Video Production Camera Angles and Movements
Camera Angles Finding the perfect position for the camera -- the camera angle -- is influenced by how much area needs to be shown and what viewpoint the filmmaker wants the audience to take.
Camera Angles A carefully selected camera angle can heighten dramatic visualization of the story -- a bad one can confuse and distract.
Camera Angles Where is the best place for the camera? How much should be shown or included in the shot?
Camera Angles • Three important components make up a camera angle: • Subject Size • Subject Angle • Camera Height
Camera Angles – Subject Size The subject's size relationship to the over-all picture area. • Long Shot • Medium Shot • Close-up • Over-the-shoulder
Size --The Long Shot A long shot takes the entire area of action. Place, people and objects are shown to acquaint the audience with their over-all appearance.
Size -- Medium Shots It provides an excellent way to record gestures, facial expressions and movement. Actors can be easily followed and enough background is revealed to keep the audience oriented.
Size -- Close-ups Close-ups eliminate all non-essentials and isolate whatever significant incident the filmmaker feels should receive attention.
Size -- Over-the-Shoulder Shot Over-the-shoulder close-ups (or medium shots), are shots as seen from over-the-shoulder of another person in the foreground.
Examples The nose!
Question What are two ways to change the Camera Angle?
Angle -- ¾ Angle A forty five degree angle (known as a three-quarter angle) gives the best sense of depth. It records people with roundness and objects with more surfaces and converging lines. Unless a special effect is required, always strive for a three quarter angle.

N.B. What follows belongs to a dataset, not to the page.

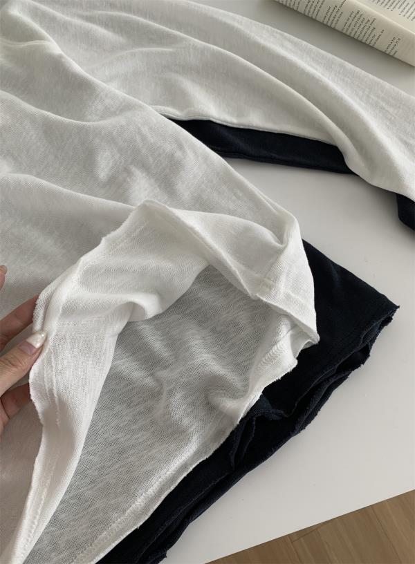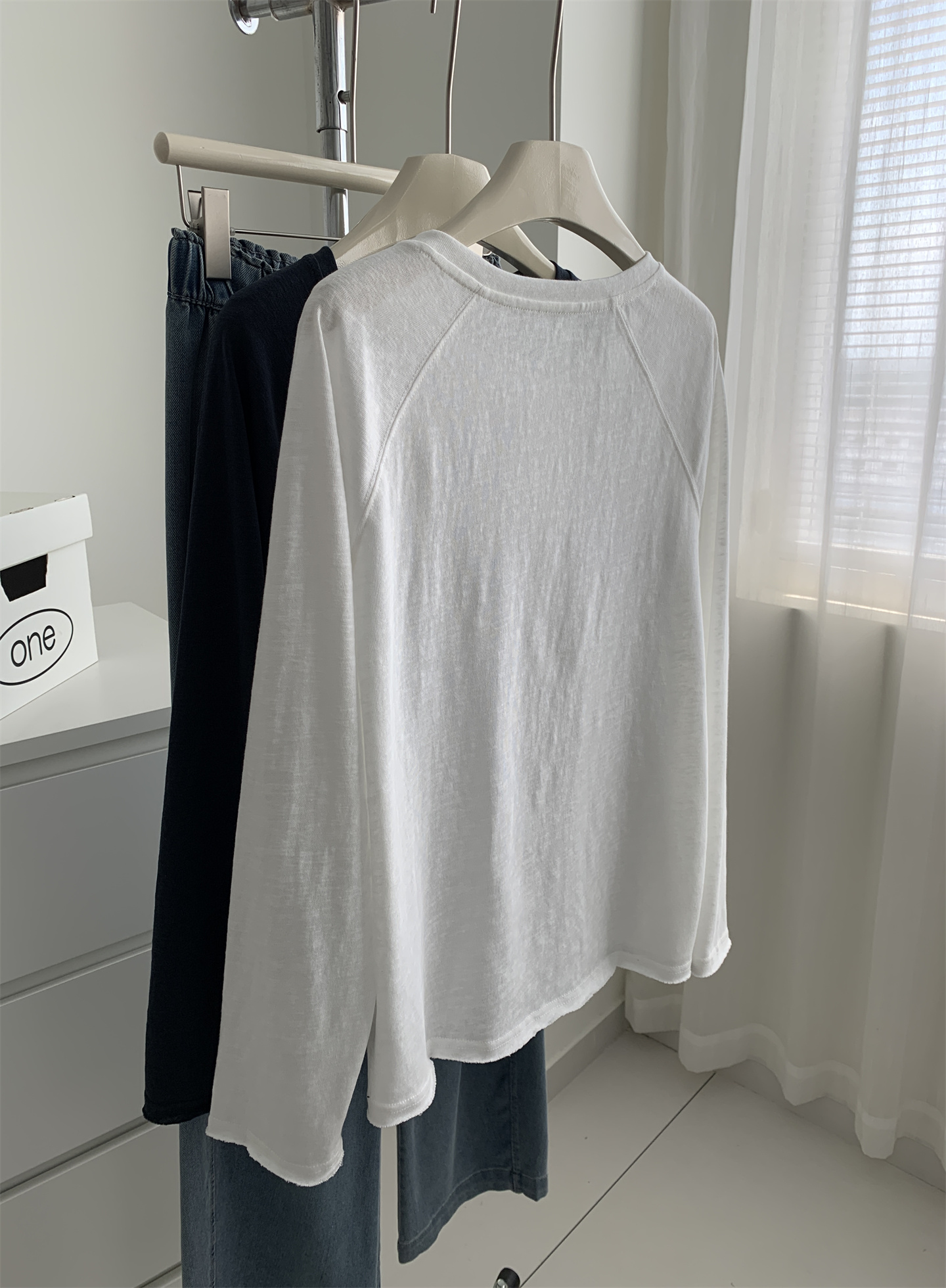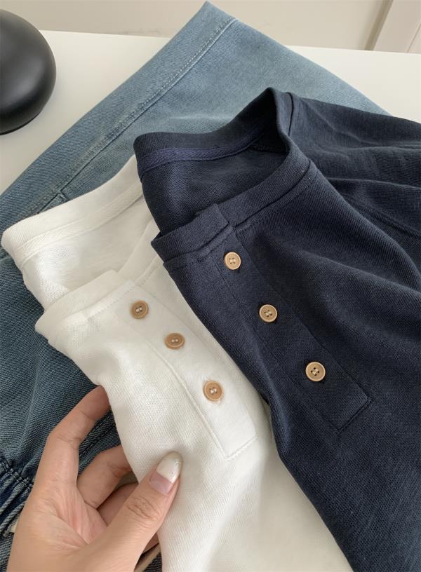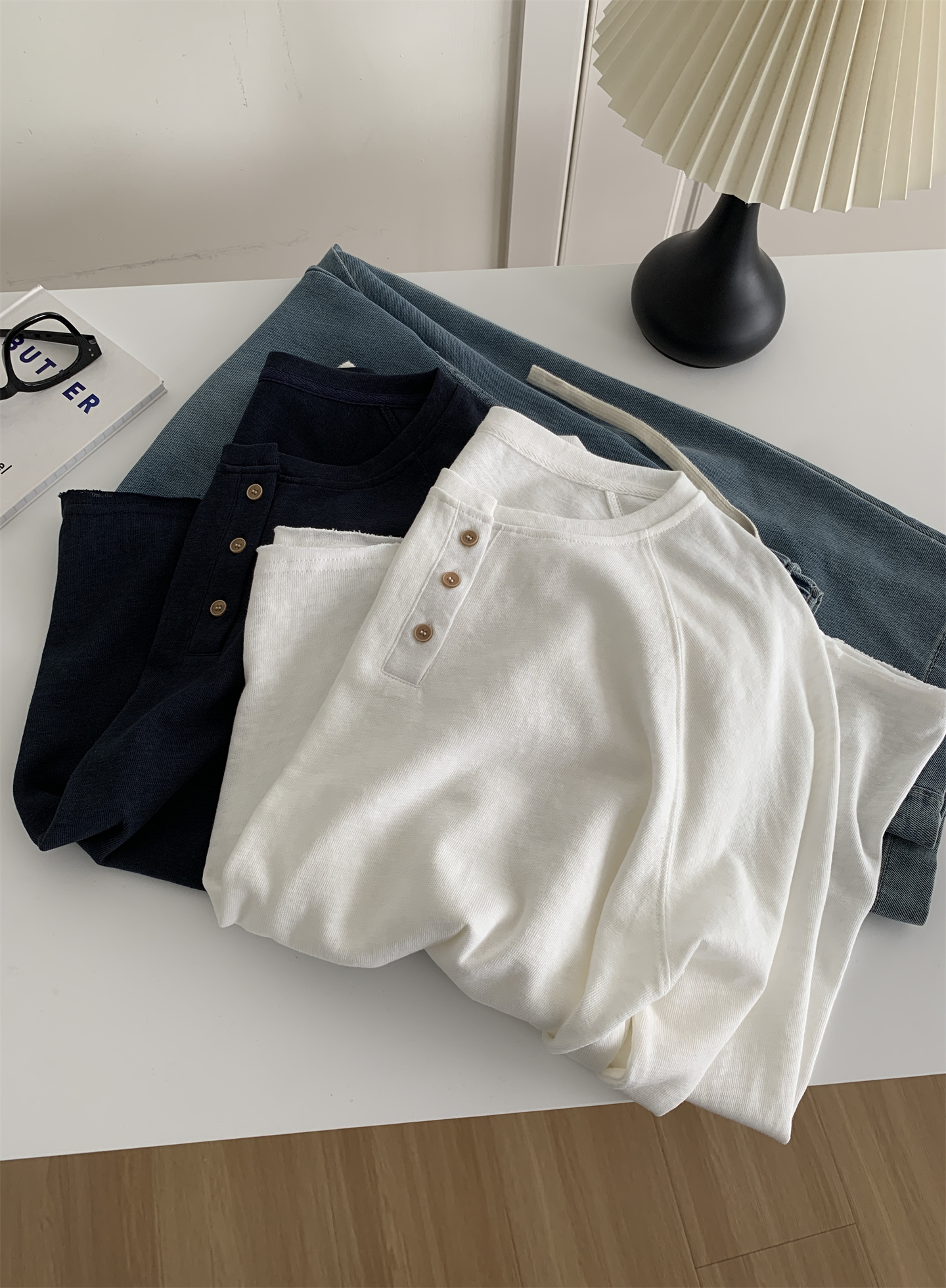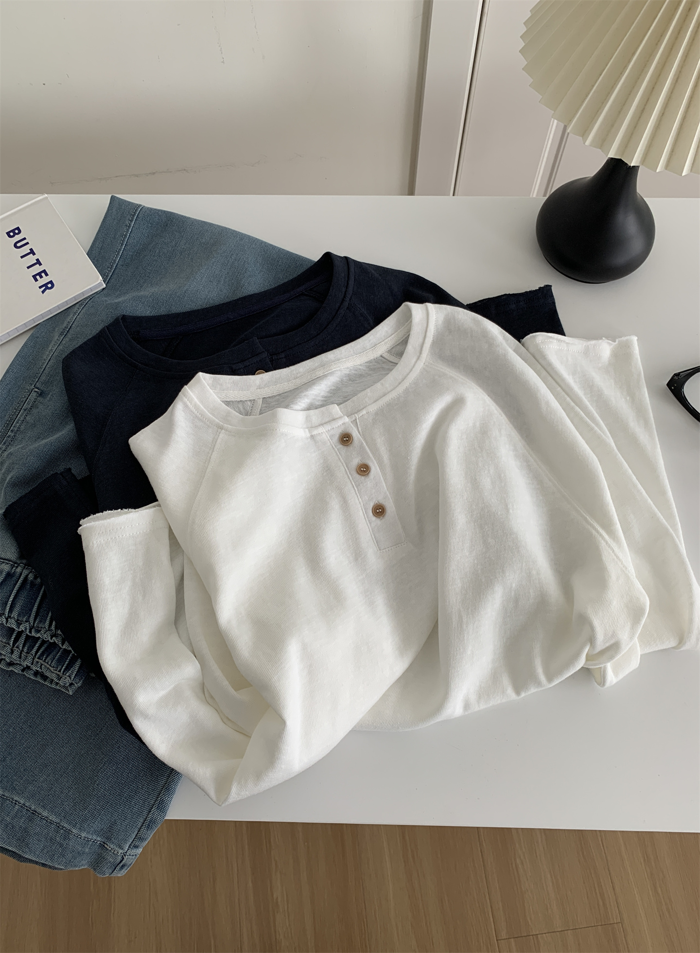 简约韩版三粒扣!麻感棉长袖T恤!女款宽松显瘦插肩袖圆领秋冬打底衫!

Angle -- Front A front angle is a shot where the camera films directly in front of the subject. This creates a very flat image. However, combining a front angle with your subject looking close to the lens creates a feeling of great intimacy.
Angle -- Side A side angle is a shot that is filmed directly from the side, creating a profile. Side angles increase the audience's sense of detachment. Use Side angles sparingly.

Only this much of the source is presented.